The Diamond

Diamonds are beautiful, mysterious and rare. They survive an incredible journey to reach us, a journey that may have begun as long as 3.3 billion years ago. They are created when carbon is put under immense pressure and temperature deep within the earth—at distances of 250 miles or even greater.
 Diamonds come from two types of deposits. Primary deposits generally consist of diamond-bearing "pipes" of a volcanic rock called "kimberlite." From deep in the earth these deposits were carried to the surface in molten rock, known as magma. Secondary deposits, also referred to as alluvial, were formed as a result of erosion of material from primary deposits and contain diamonds that have traveled some distance from their original source.
Even though world diamond production has tripled since 1980, diamonds remain a scarce resource. More than 12,000 kimberlite deposits have been found worldwide in the last 25 years, yet fewer than 1% have contained enough diamonds to make them economically viable. Geologists utilize many methods in diamond exploration, including satellite surveys, reconnaissance sampling and drilling in the ground. Some diamond producing countries include Botswana, Canada, Namibia, Russia, South Africa, Australia, and Tanzania.
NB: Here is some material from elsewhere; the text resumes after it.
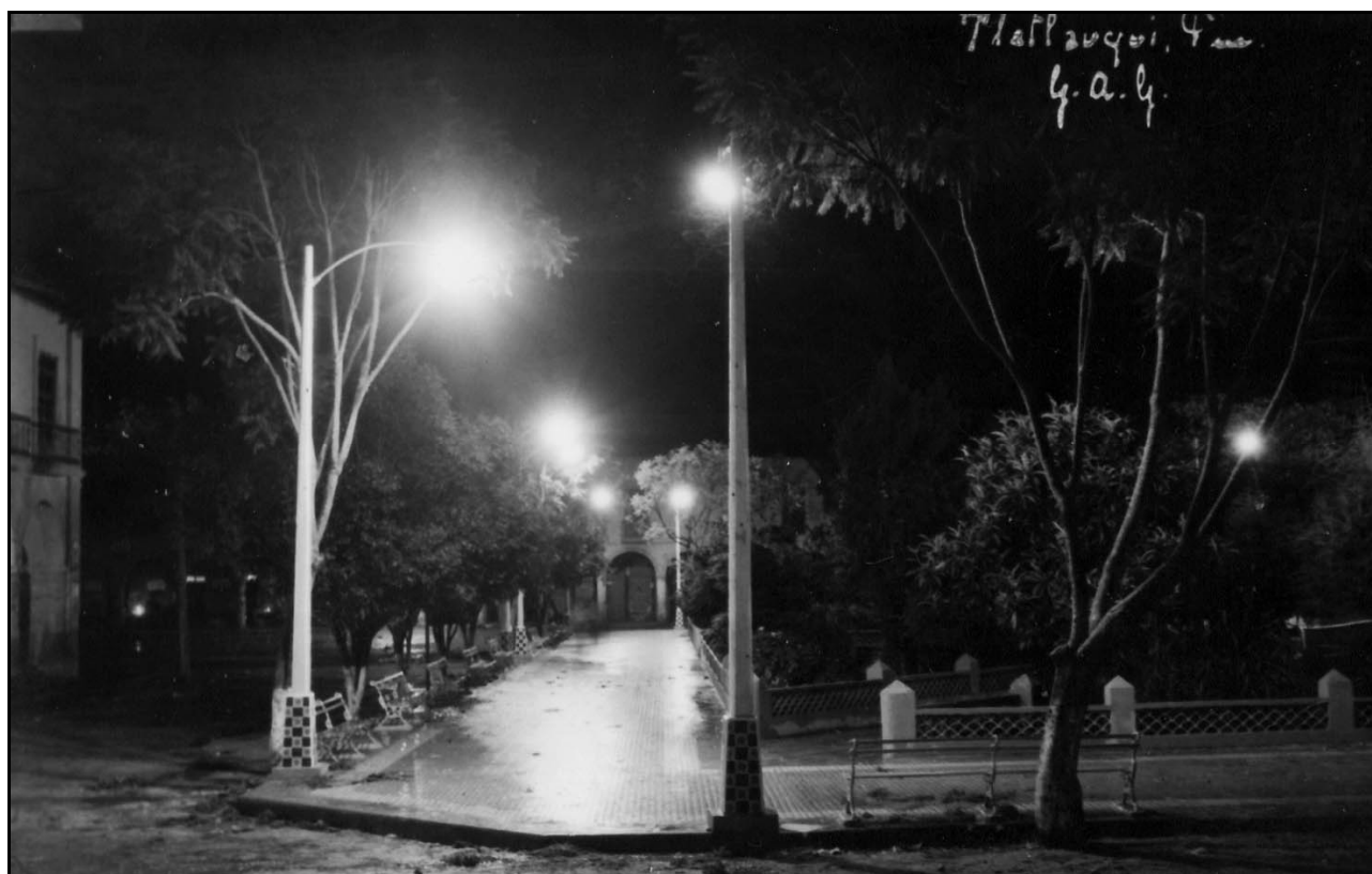
X. Vista nocturna del parque, ca. 1951, GAG

ideales políticos y oficiales a los cuales tanto él como Ismael pertenecieron, donde a partir de una mirada individual fueron creando imaginarios de modernidad y modernización en sus retratos, que fueron compartidos, validados y difundidos por ciertas esferas del poder en la sociedad de Tlatlauqui, convirtiéndolas así en parte del imaginario colectivo de los Tlatlauquenses.

After sorting, the diamonds are cut and polished. In ancient times, diamonds were left uncut and mounted into their settings, which gave each piece a dark, deep, mysterious look. In the 1400's diamonds started to be cut and polished.
Currently cutting and polishing take place in southern Africa, Belgium, China, India, Israel, Russia and the US, among other countries. Cutting a rough diamond takes great skill. A well-cut diamond reflects light within itself, from one facet to another, as well as through the top of the diamond, bringing out its spectral brilliance. The most popular cut is the 57 facet round brilliant.
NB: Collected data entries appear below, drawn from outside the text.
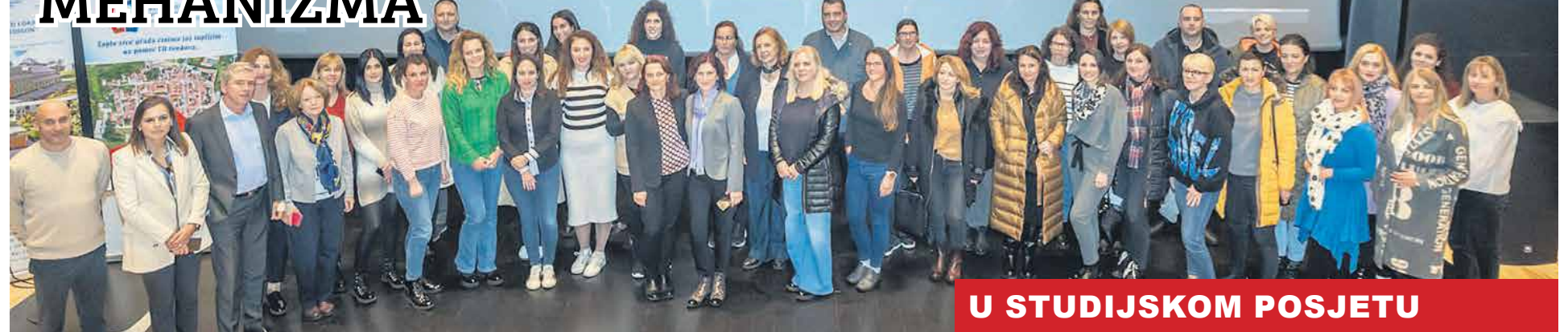
U STUDIJSKOM POSJETU

Grad Karlovac je s kolegama iz gradova i općina koji čine Urbanu aglomeraciju Split razmijenio iskustva iz sudjelovanja u ITU mehanizmu, te pokazao kako izgledaju oni već realizirani zahvaljujući tom mehanizmu: Kino Edison, Nikola Tesla Experience Center i obnovljeni vrelovidi.
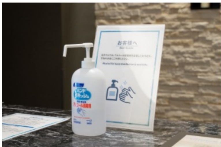
アルコール消毒剤の設置
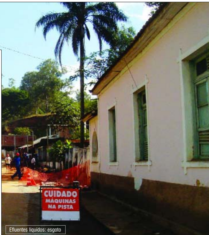
Efluentes líquidos: esgoto

O sistema utilizado para o tratamento dos resíduos é de fácil manutenção e a Prefeitura de Comendador Levy Gasparian já tem conhecimento das técnicas de manutenção utilizadas para o tratamento de efluentes líquidos.
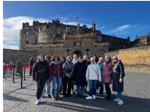
Abbildung 17: Gruppenfoto Edinburgh Castle

After a stone has been cut, it is then polished and classified again, this time by its cut, color, clarity and carat weight, also known as the "Four Cs."
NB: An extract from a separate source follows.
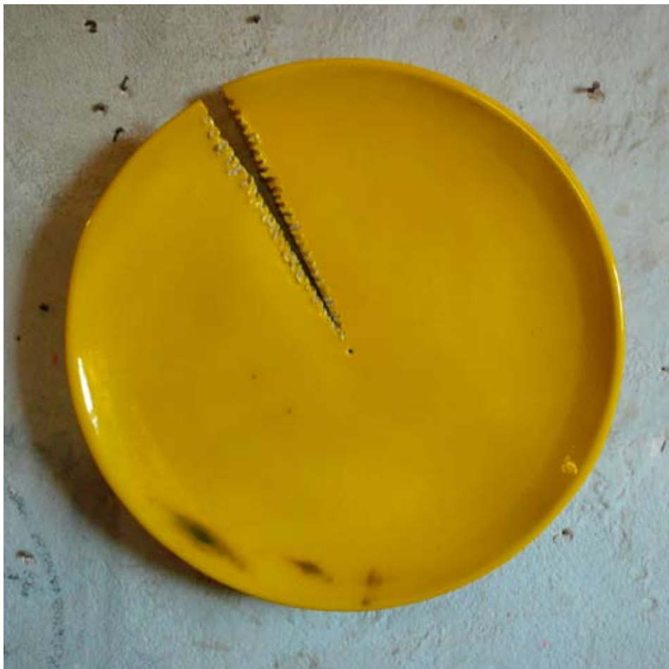
Stefano Soddu Senza titolo , 2008, \varnothing cm 51

Cut: The art of polishing a diamond is to maximize its brilliance and fire (dispersion). A diamond that is cut too deep or too shallow will be less brilliant and ultimately, less valuable. The cut is the only factor of a polished diamond's value that is controlled by human hands.
Color: With diamonds, even the smallest variation in color can make a big difference. Colorless diamonds are the most popular, but nature has also created diamonds in all colors of the rainbow. All other 'Cs' being equal, the rarer the color, the more valuable the diamond is.
Clarity: Most diamonds contain naturally occurring inclusions, which developed while they were forming in the earth. The number, type, size, position and brightness of these inclusions can affect the clarity of a diamond, although most are too small to affect the beauty or brilliance of a stone.
Carat: As with all precious stones, the weight – and therefore the size – of a diamond is expressed in carats. One carat (equivalent to 0.2 grams) can be divided into 100 'points'.